▶ **What is being asked**
The first line of the entries is where the copy starts and the line with "Stilsicherer, teilmassiver Beistelltisch" is where it ends; set down each line exactly, both ends included, and drop pictures.

Data extracted from a collection:
*-*-*
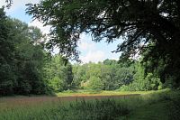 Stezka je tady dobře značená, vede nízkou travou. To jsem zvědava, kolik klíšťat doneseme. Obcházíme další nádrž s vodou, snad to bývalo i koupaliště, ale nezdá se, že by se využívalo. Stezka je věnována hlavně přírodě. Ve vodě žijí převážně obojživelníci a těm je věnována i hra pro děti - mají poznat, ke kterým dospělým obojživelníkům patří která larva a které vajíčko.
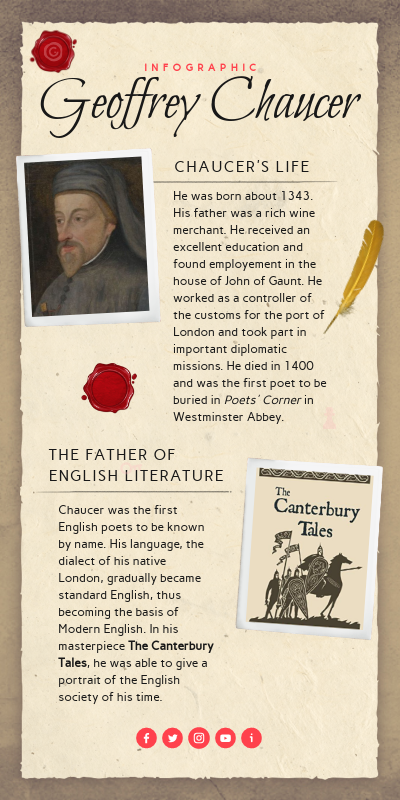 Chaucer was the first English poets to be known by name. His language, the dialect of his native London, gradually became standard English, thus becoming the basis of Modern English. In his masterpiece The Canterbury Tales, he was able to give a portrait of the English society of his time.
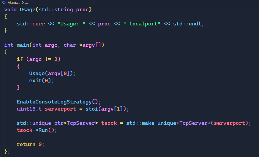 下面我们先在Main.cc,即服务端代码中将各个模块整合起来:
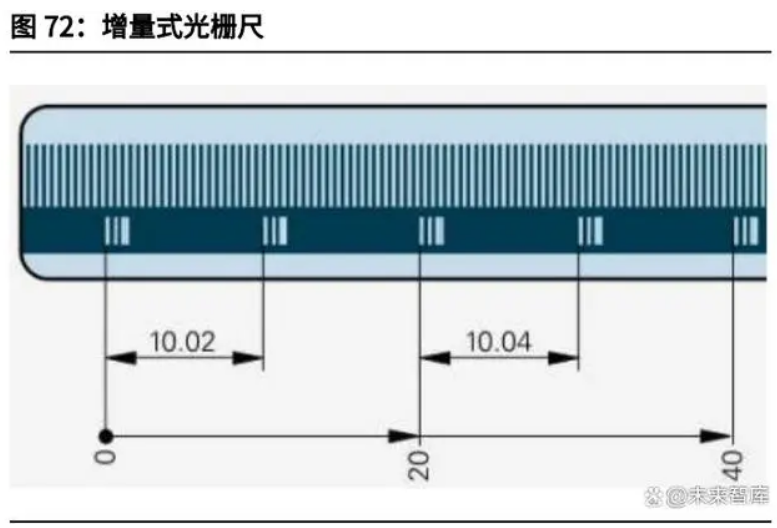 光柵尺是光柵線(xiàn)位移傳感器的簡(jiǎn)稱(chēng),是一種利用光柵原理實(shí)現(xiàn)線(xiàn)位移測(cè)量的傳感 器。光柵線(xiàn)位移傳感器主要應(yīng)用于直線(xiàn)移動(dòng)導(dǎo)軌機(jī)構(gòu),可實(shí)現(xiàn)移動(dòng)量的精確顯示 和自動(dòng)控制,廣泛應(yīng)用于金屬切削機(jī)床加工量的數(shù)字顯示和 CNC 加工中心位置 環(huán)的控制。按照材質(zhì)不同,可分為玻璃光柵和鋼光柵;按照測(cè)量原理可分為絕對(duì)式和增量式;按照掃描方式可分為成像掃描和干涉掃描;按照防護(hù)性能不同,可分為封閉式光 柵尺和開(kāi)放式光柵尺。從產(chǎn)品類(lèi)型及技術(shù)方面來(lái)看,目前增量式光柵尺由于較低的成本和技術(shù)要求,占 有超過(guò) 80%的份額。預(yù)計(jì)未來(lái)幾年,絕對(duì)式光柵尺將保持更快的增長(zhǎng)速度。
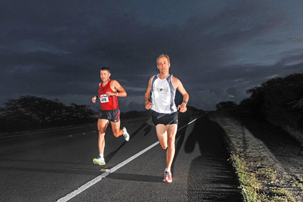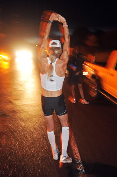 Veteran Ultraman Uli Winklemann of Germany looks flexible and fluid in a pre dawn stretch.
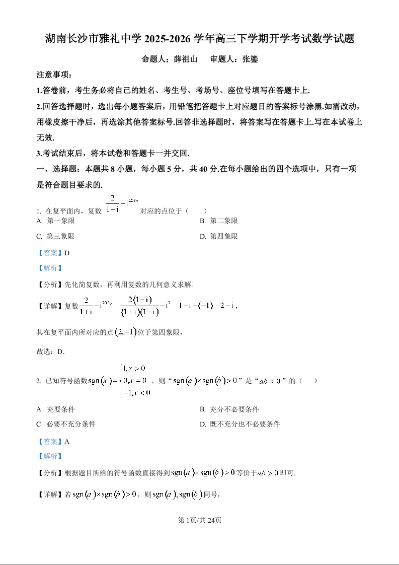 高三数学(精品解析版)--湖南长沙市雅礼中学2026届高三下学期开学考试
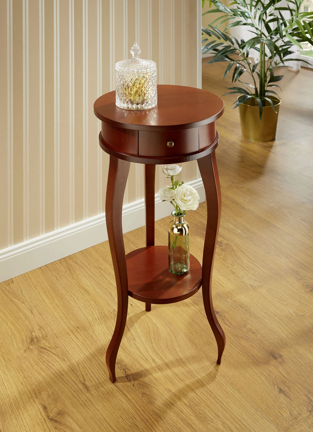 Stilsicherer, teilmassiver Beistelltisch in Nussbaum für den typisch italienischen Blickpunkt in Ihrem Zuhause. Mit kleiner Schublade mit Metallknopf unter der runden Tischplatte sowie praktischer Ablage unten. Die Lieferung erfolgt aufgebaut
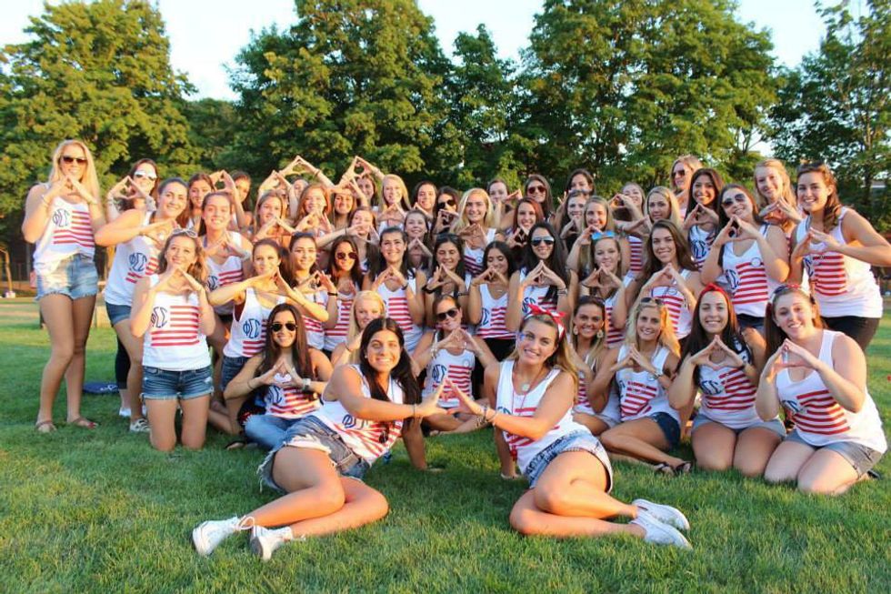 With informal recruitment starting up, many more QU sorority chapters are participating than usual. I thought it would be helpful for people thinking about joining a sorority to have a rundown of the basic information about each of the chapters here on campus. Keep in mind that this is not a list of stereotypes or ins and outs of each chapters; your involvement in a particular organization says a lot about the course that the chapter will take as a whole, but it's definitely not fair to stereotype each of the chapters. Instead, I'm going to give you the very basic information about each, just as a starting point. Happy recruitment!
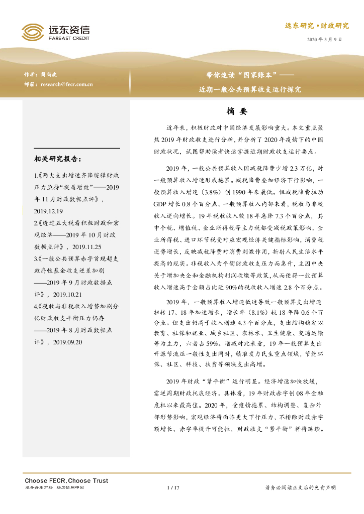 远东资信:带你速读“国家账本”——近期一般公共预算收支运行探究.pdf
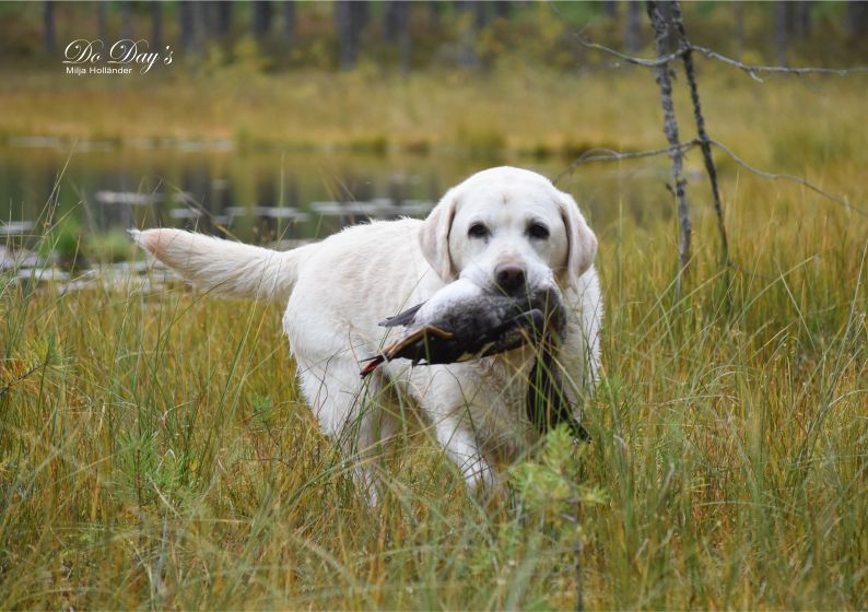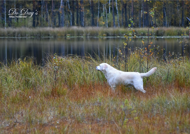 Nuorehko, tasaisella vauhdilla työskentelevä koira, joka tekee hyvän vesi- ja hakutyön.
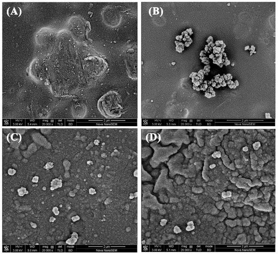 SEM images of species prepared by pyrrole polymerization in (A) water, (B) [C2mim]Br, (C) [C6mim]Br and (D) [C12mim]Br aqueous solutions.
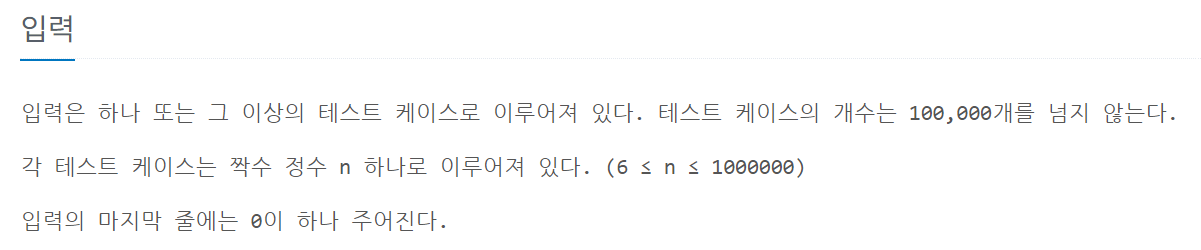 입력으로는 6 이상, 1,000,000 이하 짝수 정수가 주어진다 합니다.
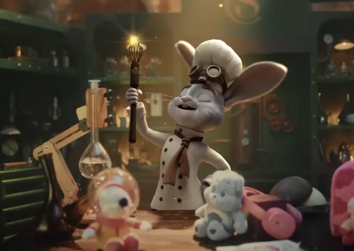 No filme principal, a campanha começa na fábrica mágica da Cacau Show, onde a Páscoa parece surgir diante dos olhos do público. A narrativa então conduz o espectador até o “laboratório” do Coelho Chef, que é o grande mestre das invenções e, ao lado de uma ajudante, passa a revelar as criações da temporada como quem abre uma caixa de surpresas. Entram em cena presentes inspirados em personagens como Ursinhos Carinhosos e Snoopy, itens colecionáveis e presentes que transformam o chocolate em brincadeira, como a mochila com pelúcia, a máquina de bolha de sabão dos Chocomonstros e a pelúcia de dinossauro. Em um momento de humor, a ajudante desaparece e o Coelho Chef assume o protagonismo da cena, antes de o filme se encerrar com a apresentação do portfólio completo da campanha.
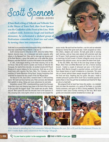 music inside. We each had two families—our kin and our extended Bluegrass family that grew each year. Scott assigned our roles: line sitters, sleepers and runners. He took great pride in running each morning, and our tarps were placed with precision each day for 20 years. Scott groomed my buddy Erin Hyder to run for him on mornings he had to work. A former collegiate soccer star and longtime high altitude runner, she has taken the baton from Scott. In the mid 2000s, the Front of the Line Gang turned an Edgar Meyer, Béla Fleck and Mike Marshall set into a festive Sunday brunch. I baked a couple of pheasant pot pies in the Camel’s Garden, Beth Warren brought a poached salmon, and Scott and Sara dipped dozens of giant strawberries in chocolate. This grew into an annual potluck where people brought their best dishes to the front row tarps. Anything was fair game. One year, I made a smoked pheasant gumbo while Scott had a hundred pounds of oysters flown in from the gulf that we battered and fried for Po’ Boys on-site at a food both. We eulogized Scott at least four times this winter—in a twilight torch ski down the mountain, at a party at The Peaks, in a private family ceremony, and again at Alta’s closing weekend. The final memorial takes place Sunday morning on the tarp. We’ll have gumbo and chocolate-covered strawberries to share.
*-*-*
▶ **Response**
 Stezka je tady dobře značená, vede nízkou travou. To jsem zvědava, kolik klíšťat doneseme. Obcházíme další nádrž s vodou, snad to bývalo i koupaliště, ale nezdá se, že by se využívalo. Stezka je věnována hlavně přírodě. Ve vodě žijí převážně obojživelníci a těm je věnována i hra pro děti - mají poznat, ke kterým dospělým obojživelníkům patří která larva a které vajíčko.
 Chaucer was the first English poets to be known by name. His language, the dialect of his native London, gradually became standard English, thus becoming the basis of Modern English. In his masterpiece The Canterbury Tales, he was able to give a portrait of the English society of his time.
 下面我们先在Main.cc,即服务端代码中将各个模块整合起来:
 光柵尺是光柵線(xiàn)位移傳感器的簡(jiǎn)稱(chēng),是一種利用光柵原理實(shí)現(xiàn)線(xiàn)位移測(cè)量的傳感 器。光柵線(xiàn)位移傳感器主要應(yīng)用于直線(xiàn)移動(dòng)導(dǎo)軌機(jī)構(gòu),可實(shí)現(xiàn)移動(dòng)量的精確顯示 和自動(dòng)控制,廣泛應(yīng)用于金屬切削機(jī)床加工量的數(shù)字顯示和 CNC 加工中心位置 環(huán)的控制。按照材質(zhì)不同,可分為玻璃光柵和鋼光柵;按照測(cè)量原理可分為絕對(duì)式和增量式;按照掃描方式可分為成像掃描和干涉掃描;按照防護(hù)性能不同,可分為封閉式光 柵尺和開(kāi)放式光柵尺。從產(chǎn)品類(lèi)型及技術(shù)方面來(lái)看,目前增量式光柵尺由于較低的成本和技術(shù)要求,占 有超過(guò) 80%的份額。預(yù)計(jì)未來(lái)幾年,絕對(duì)式光柵尺將保持更快的增長(zhǎng)速度。
 Veteran Ultraman Uli Winklemann of Germany looks flexible and fluid in a pre dawn stretch.
 高三数学(精品解析版)--湖南长沙市雅礼中学2026届高三下学期开学考试
 Stilsicherer, teilmassiver Beistelltisch in Nussbaum für den typisch italienischen Blickpunkt in Ihrem Zuhause. Mit kleiner Schublade mit Metallknopf unter der runden Tischplatte sowie praktischer Ablage unten. Die Lieferung erfolgt aufgebaut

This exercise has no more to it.